WEDNESDAY, July 6 (HealthDay News) -- Most percutaneous coronary interventions (PCIs) performed for acute indications are appropriate, but for nonacute indications the proportion of inappropriate PCIs is higher, with substantial between-hospital variations, according to a study published in the July 6 issue of the Journal of the American Medical Association.
Paul S. Chan, M.D., from Saint Luke's Mid America Heart and Vascular Institute in Kansas City, Mo., and colleagues investigated the appropriateness of PCI according to the appropriate-use criteria for coronary revascularization. A total of 500,154 PCIs undertaken between July 2009 and September 2010 were analyzed, and were stratified according to indications into acute or nonacute. The proportion of PCIs classified as appropriate, uncertain, or inappropriate, and the extent of hospital variation in inappropriate PCIs were the outcomes measured.
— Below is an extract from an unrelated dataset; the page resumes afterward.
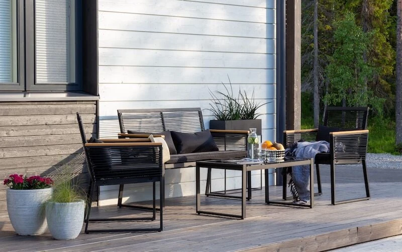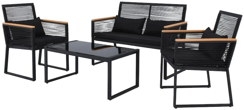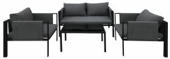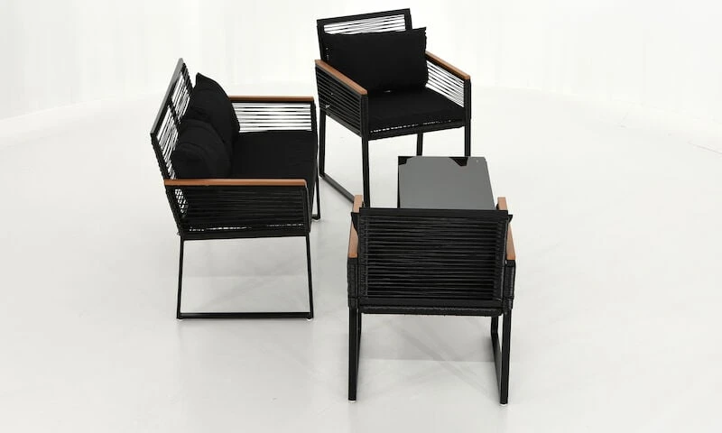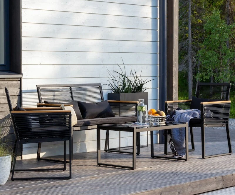 Long sohvaryhmän moderni ja siro muotoilu antavat kivasti ilmavuutta terassille tai parvekkeelle. Tuotteen runko valmistetaan kestävästä ja ruostumattomasta alumiinista, jota ympäröi kaunis ja ilmava säänkestävä polyrottinki. Pehmusteet tulee säilyttää sateelta suojassa. Kangas ei ole uv-suojattu, joten väri voi haalistua suorasta auringonpaisteesta. Sohvan ja tuolien kauniit kädensijat ovat säänkestävää aintwood-puukomposiittia. Long sohvaryhmä sisältää kuvassa näkyvät pehmusteet, sohvan, kaksi nojatuolia ja sohvapöydän. Sisältää myös kuvassa näkyvät pienemmät mustat tyynyt.
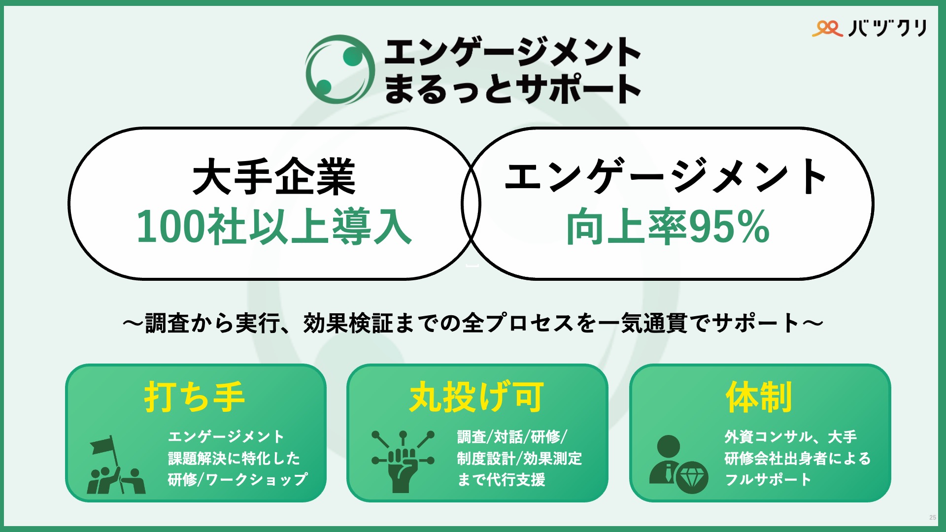 エンゲージメントサーベイの分析にとどまらず、施策実行と効果検証までをワンストップで支援。企業の課題解決をまるっと伴走するコンサルティングサービスです。

The investigators found that 71.1 percent of the PCIs were for acute and 28.9 percent for nonacute indications. Of the PCIs for acute indications, 98.6 percent were classified as appropriate, 0.3 percent as uncertain, and 1.1 percent as inappropriate. Of the nonacute cases, 50.4 percent were identified as appropriate, 38.0 percent as uncertain, and 11.6 percent as inappropriate. The majority of the inappropriate PCIs for nonacute indications were carried out in patients with suboptimal antianginal therapy, low-risk ischemia on non-invasive stress testing, or no angina. The proportion of inappropriate PCIs for nonacute procedures showed a substantial hospital variation (median hospital rate, 10.8 percent; interquartile range, 6.0 to 16.7 percent), while that for acute indications showed minimal variation.
"In this large contemporary U.S. cohort, nearly all acute PCIs were classified as appropriate. For nonacute indications, however, 12 percent were classified as inappropriate, with substantial variation across hospitals," the authors write.